**Dataset extract:**
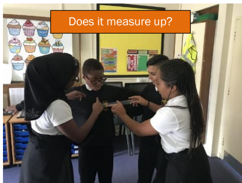
Does it measure up?
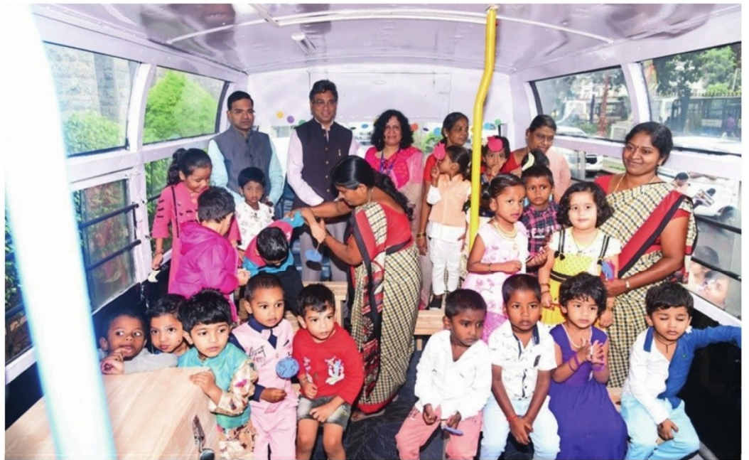
Children from anganwadi centres pose for a photo on Day One of the initiative being rolled out

"We will provide a teacher trained in the Montessori method and volunteers to train children in art and craft. We will also ensure training for the teachers provided by the BBMP. We have already launched two Wonder on Wheels on our own. Wonder on

**Problem to solve:**
Please write out the whole listing exactly, but not the pictures in it.

**Response to the exercise:**
Does it measure up?
Children from anganwadi centres pose for a photo on Day One of the initiative being rolled out

"We will provide a teacher trained in the Montessori method and volunteers to train children in art and craft. We will also ensure training for the teachers provided by the BBMP. We have already launched two Wonder on Wheels on our own. Wonder on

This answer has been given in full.